- Dataset extract
==========

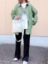 maiのデニムジャケット「2022 SS オーバーサイズカラーデニムシャツジャケット」を使ったコーディネート
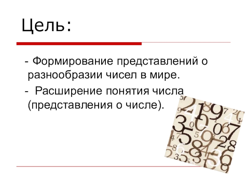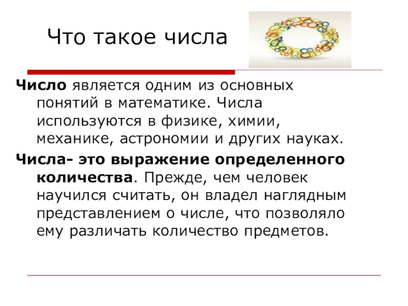 Числа- это выражение определенного количества. Прежде, чем человек научился считать, он владел наглядным представлением о числе, что позволяло ему различать количество предметов.
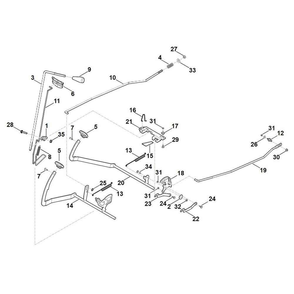 The Brake, Parking Brake, and Control Lever assembly for the Stihl RT 5097.1 Z Ride on Mower ensures efficient operation and safety. This assembly includes genuine Stihl parts designed to manage the braking system and control functions effectively. Essential for maintaining the mower's performance, it supports smooth operation and reliable stopping power.

==========

- Task to complete
Would you reproduce the lines above exactly, without carrying over the pictures?

- Exercise output
 maiのデニムジャケット「2022 SS オーバーサイズカラーデニムシャツジャケット」を使ったコーディネート
 Числа- это выражение определенного количества. Прежде, чем человек научился считать, он владел наглядным представлением о числе, что позволяло ему различать количество предметов.
 The Brake, Parking Brake, and Control Lever assembly for the Stihl RT 5097.1 Z Ride on Mower ensures efficient operation and safety. This assembly includes genuine Stihl parts designed to manage the braking system and control functions effectively. Essential for maintaining the mower's performance, it supports smooth operation and reliable stopping power.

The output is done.